(Stored items from a collection)
■ ■ ■ ■

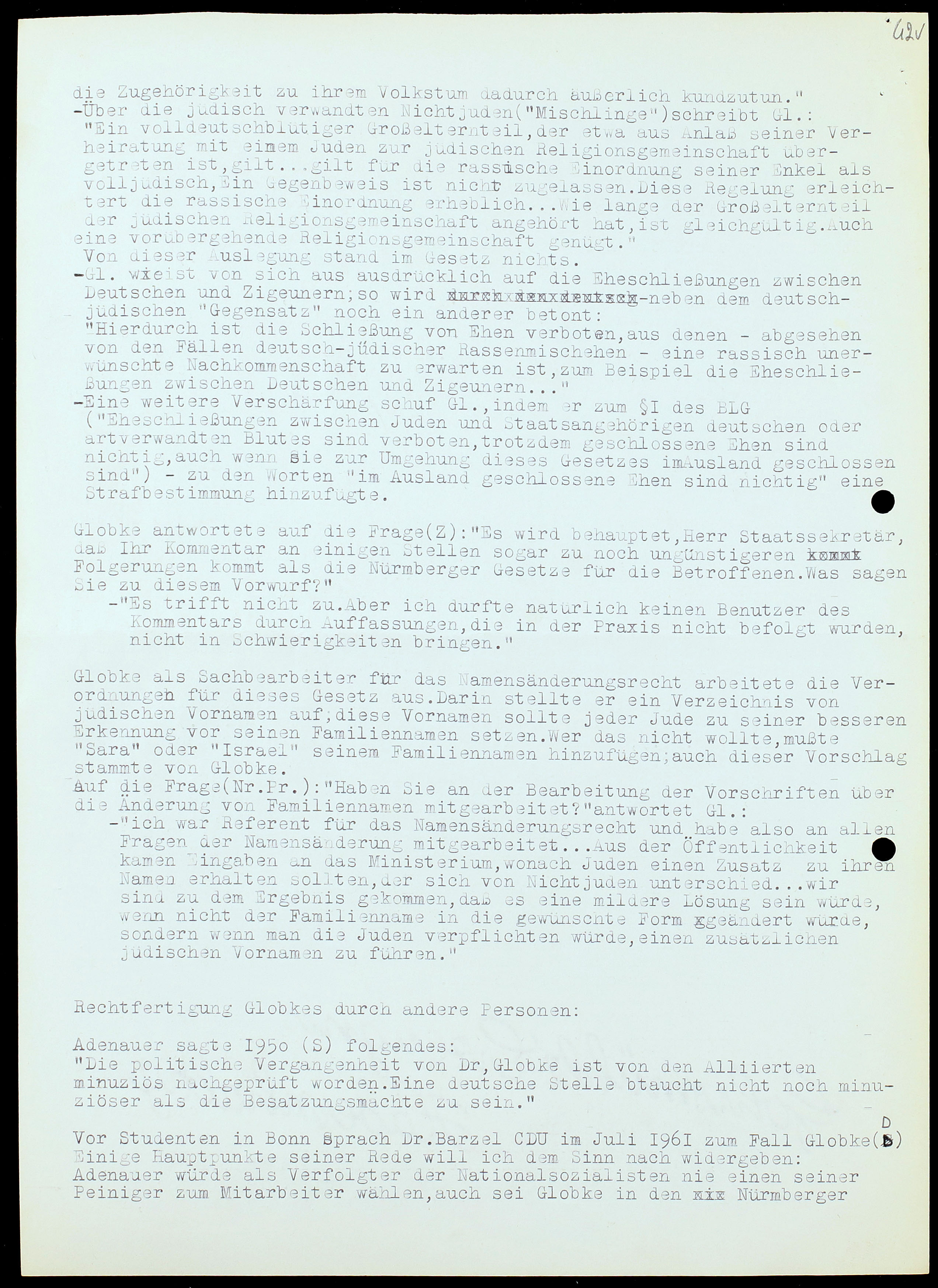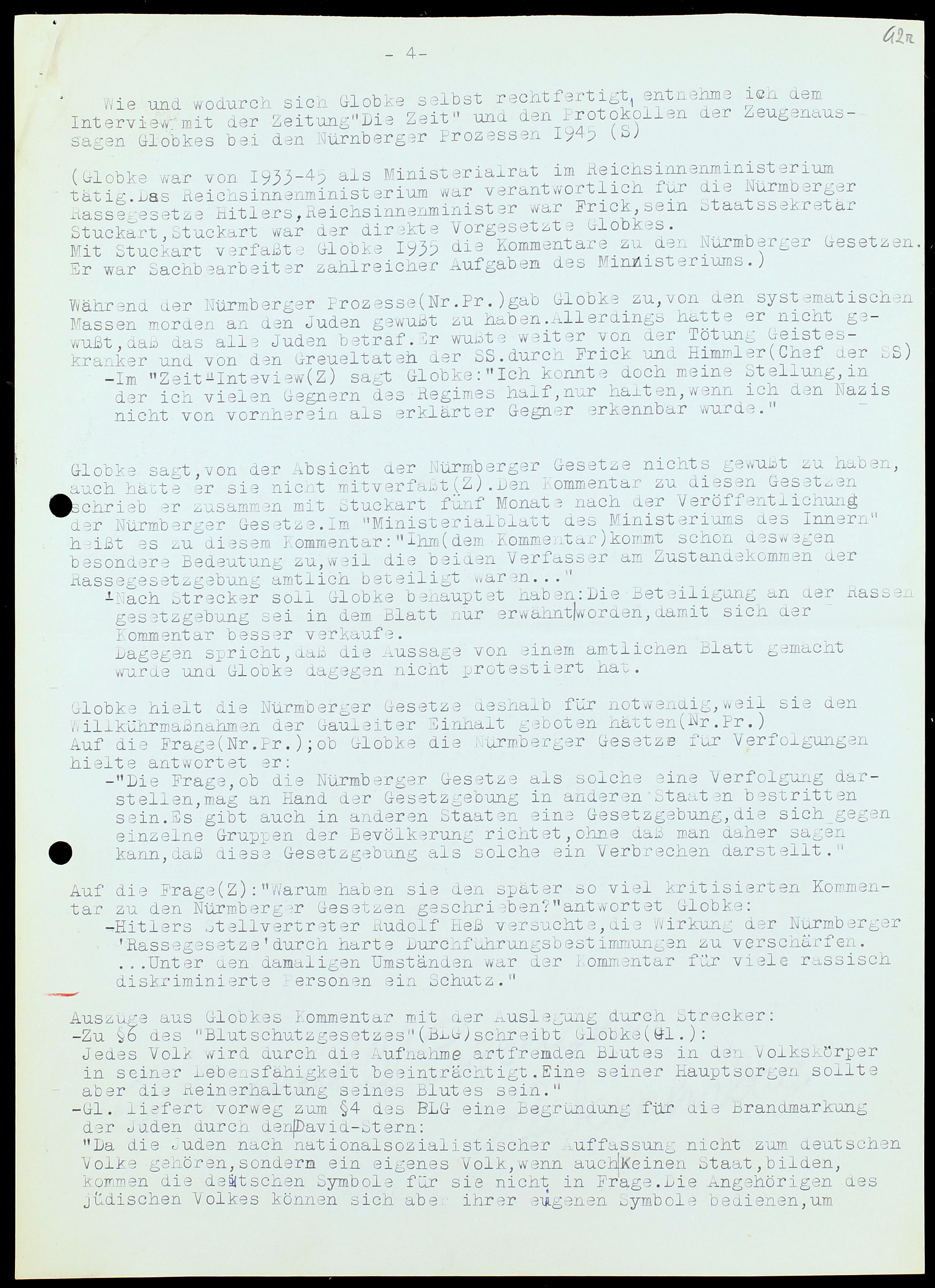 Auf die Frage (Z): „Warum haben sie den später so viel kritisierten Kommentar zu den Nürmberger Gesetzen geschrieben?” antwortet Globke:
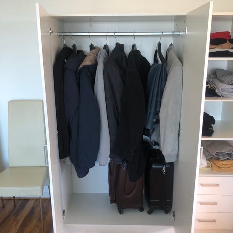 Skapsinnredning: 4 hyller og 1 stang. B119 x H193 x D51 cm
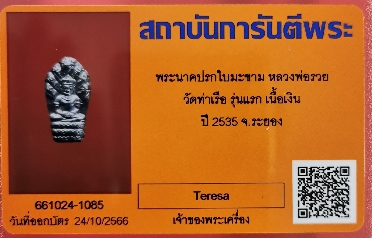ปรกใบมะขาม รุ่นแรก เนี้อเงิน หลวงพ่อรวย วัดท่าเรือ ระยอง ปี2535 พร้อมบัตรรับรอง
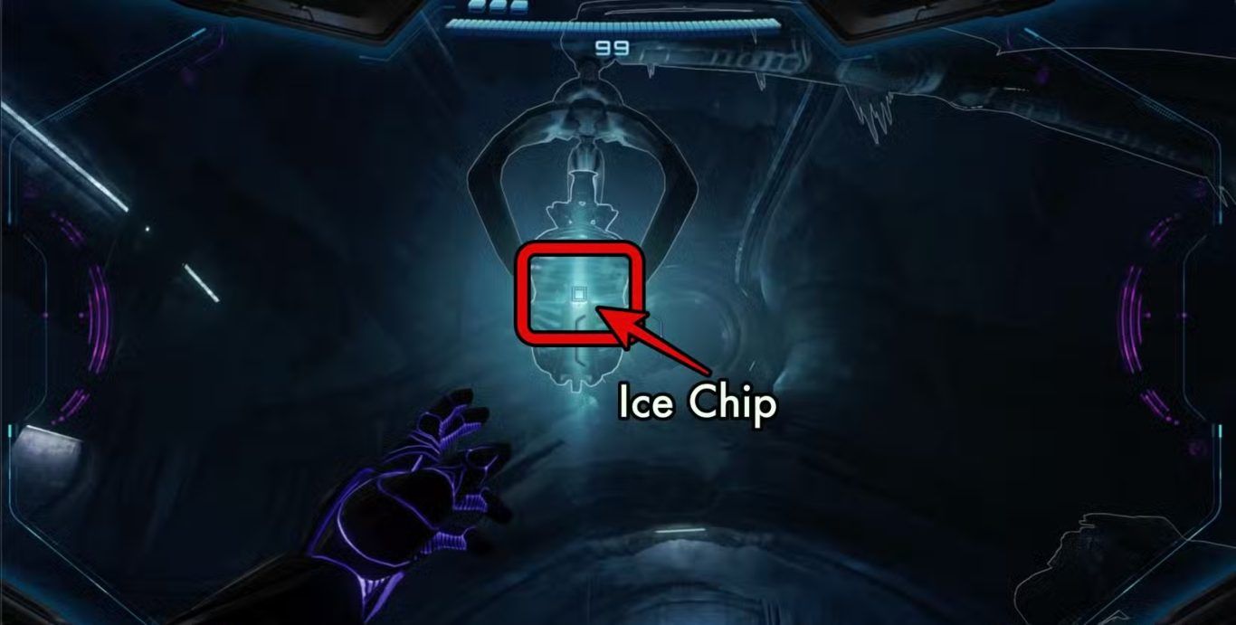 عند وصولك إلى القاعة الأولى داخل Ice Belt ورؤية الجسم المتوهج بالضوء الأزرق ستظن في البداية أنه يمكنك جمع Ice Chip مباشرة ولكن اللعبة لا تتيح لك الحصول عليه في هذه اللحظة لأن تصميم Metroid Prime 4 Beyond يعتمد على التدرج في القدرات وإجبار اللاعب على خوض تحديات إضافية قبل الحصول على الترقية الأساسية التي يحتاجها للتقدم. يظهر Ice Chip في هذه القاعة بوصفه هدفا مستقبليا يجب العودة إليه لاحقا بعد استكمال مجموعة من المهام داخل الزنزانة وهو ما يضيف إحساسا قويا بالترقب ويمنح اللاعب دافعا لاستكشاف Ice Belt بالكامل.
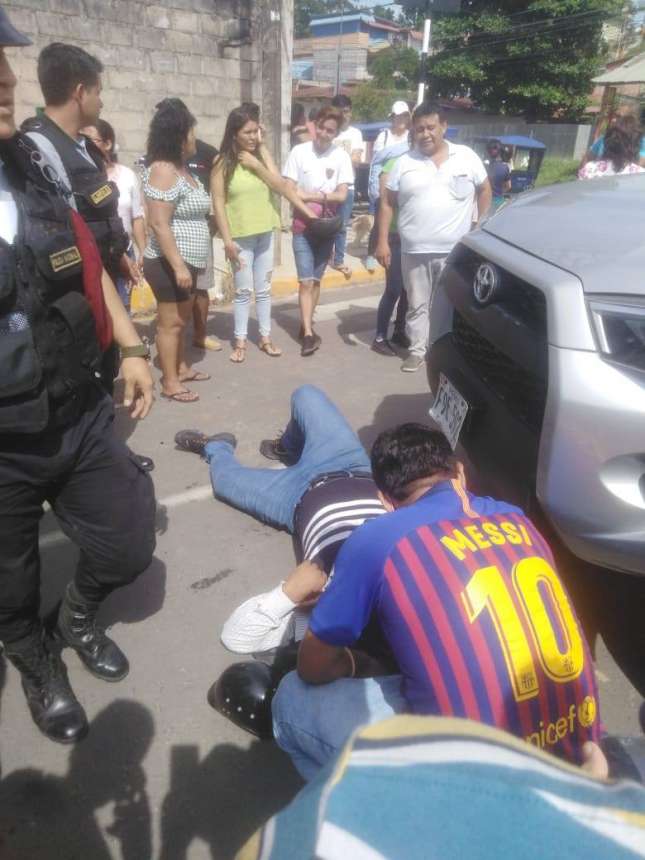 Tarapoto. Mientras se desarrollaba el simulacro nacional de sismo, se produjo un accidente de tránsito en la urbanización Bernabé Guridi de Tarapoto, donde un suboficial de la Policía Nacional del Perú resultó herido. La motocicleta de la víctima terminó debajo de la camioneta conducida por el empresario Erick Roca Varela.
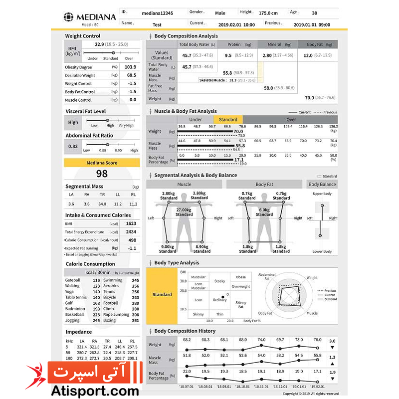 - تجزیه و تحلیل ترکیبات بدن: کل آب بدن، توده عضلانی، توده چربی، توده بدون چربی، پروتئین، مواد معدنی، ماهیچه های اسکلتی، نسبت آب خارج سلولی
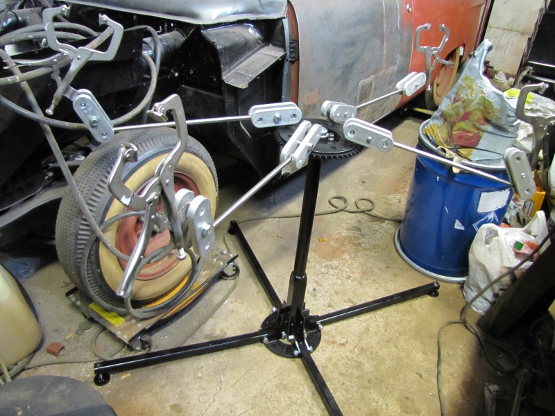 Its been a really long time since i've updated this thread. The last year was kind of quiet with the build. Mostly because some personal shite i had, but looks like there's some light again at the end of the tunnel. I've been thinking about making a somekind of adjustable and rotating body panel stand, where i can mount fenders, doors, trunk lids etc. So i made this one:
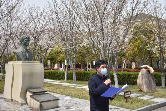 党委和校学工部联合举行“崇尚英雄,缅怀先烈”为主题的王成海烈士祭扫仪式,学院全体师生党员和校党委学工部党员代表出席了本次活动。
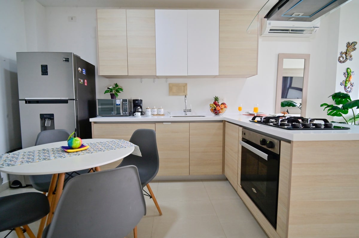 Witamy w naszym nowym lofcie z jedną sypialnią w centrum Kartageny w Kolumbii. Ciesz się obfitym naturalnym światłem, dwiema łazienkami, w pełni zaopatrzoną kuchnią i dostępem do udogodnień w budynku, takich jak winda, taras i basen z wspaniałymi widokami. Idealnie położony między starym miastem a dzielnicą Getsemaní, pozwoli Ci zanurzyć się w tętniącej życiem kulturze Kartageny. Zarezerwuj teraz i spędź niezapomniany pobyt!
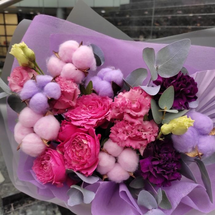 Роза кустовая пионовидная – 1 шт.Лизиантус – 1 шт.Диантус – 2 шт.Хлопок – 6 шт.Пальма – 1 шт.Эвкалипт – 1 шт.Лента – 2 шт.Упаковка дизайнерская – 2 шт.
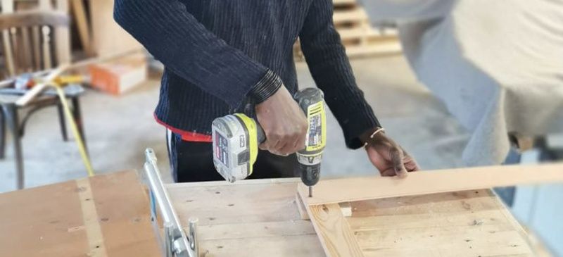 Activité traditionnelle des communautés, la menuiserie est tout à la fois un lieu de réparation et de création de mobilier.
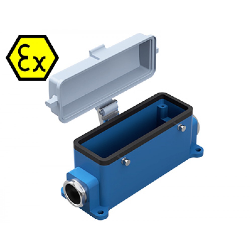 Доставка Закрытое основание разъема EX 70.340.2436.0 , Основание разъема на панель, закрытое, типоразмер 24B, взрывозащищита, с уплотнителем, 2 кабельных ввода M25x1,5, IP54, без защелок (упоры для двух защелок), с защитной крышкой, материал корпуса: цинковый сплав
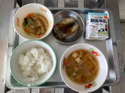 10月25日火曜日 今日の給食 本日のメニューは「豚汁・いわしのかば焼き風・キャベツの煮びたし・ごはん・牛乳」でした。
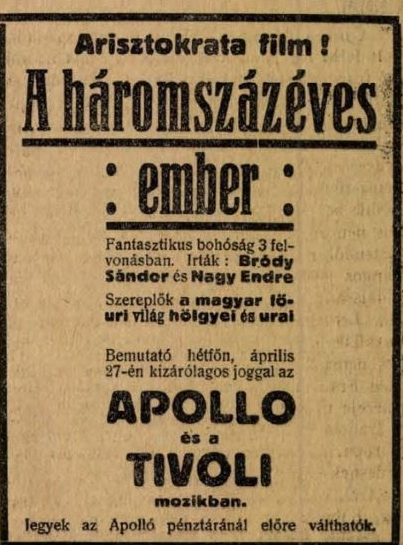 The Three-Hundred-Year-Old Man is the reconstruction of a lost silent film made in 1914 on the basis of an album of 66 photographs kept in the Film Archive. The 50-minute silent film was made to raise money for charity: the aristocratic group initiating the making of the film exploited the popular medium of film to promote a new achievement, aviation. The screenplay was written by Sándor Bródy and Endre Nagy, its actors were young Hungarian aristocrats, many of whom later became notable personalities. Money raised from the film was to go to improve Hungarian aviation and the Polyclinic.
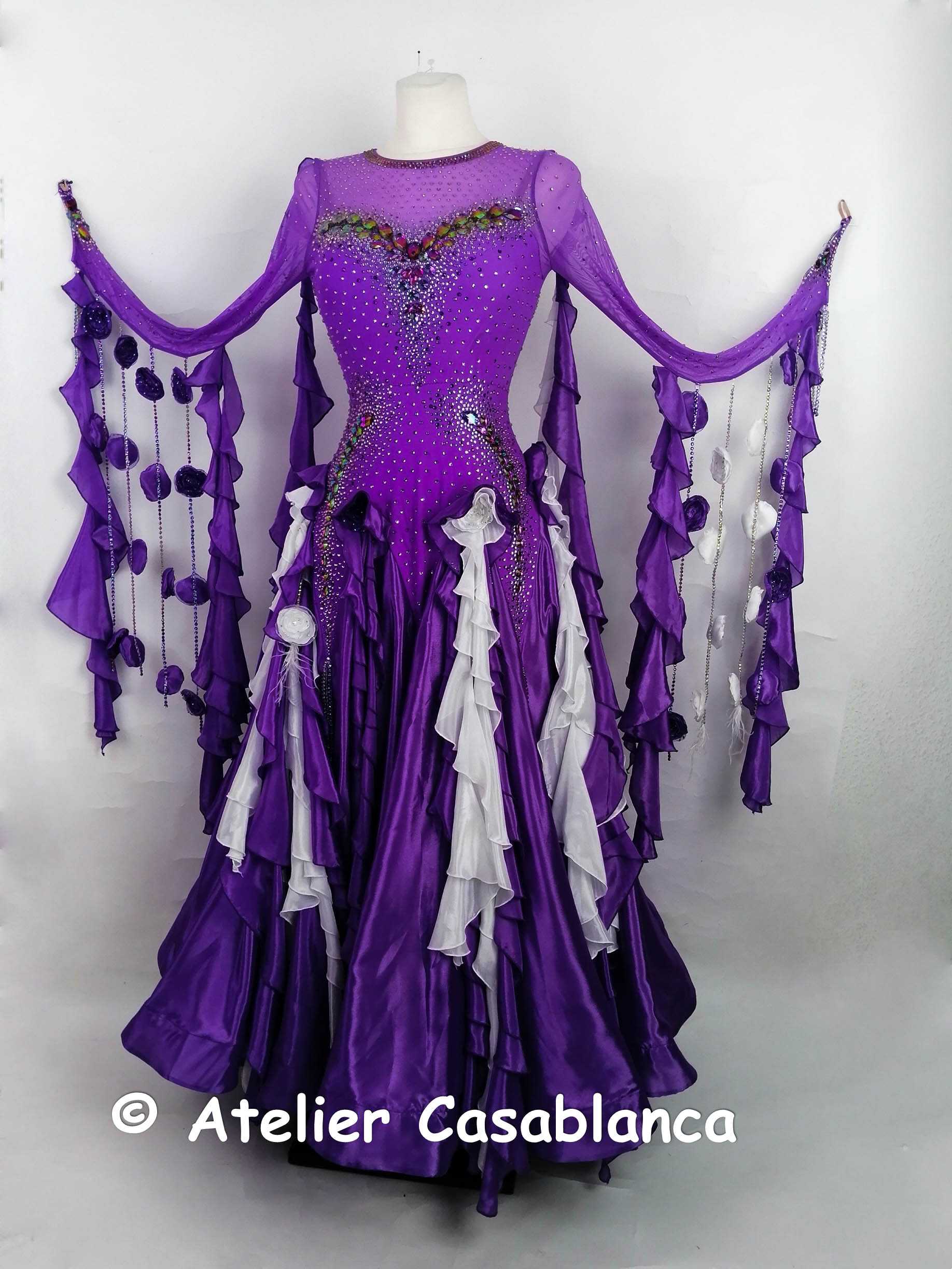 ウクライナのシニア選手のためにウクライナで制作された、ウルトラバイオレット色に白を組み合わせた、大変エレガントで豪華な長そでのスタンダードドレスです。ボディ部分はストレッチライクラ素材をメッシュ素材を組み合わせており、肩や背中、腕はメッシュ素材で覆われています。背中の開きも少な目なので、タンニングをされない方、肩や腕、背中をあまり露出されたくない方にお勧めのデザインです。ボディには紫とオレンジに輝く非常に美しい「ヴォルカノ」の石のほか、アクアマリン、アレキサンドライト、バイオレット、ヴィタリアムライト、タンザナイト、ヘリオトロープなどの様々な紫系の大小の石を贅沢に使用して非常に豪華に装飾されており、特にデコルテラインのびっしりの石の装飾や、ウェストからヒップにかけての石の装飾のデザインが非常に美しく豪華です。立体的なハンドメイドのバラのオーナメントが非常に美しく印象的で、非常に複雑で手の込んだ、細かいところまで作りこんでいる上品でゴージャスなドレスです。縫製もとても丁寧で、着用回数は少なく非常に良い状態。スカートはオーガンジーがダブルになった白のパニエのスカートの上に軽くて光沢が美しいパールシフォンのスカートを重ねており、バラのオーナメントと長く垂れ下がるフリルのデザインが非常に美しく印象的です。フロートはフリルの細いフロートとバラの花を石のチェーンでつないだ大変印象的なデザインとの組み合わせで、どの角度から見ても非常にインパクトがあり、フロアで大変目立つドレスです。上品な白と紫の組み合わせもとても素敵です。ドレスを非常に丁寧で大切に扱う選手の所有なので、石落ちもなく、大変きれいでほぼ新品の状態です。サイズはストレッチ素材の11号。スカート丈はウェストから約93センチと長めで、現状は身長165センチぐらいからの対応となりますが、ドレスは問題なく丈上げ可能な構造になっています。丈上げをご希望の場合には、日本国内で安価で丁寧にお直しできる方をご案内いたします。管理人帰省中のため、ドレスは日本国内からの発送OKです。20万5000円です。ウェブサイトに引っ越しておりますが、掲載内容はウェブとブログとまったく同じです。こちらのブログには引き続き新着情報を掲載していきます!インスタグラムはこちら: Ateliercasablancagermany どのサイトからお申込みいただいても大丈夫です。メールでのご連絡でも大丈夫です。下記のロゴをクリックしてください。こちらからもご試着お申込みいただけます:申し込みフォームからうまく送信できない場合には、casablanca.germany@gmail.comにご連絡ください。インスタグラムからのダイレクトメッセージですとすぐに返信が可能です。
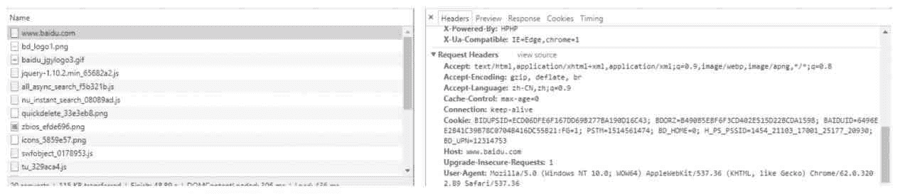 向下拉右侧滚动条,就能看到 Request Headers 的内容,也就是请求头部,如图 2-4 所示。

■ ■ ■ ■

When you transcribe the entries above, begin at their first line, end with the line containing "ปรกใบมะขาม รุ่นแรก เนี้อเงิน", and copy each line exactly without any picture.

> _SOLUTION FOR THIS PROBLEM_:
 Auf die Frage (Z): „Warum haben sie den später so viel kritisierten Kommentar zu den Nürmberger Gesetzen geschrieben?” antwortet Globke:
 Skapsinnredning: 4 hyller og 1 stang. B119 x H193 x D51 cm
ปรกใบมะขาม รุ่นแรก เนี้อเงิน หลวงพ่อรวย วัดท่าเรือ ระยอง ปี2535 พร้อมบัตรรับรอง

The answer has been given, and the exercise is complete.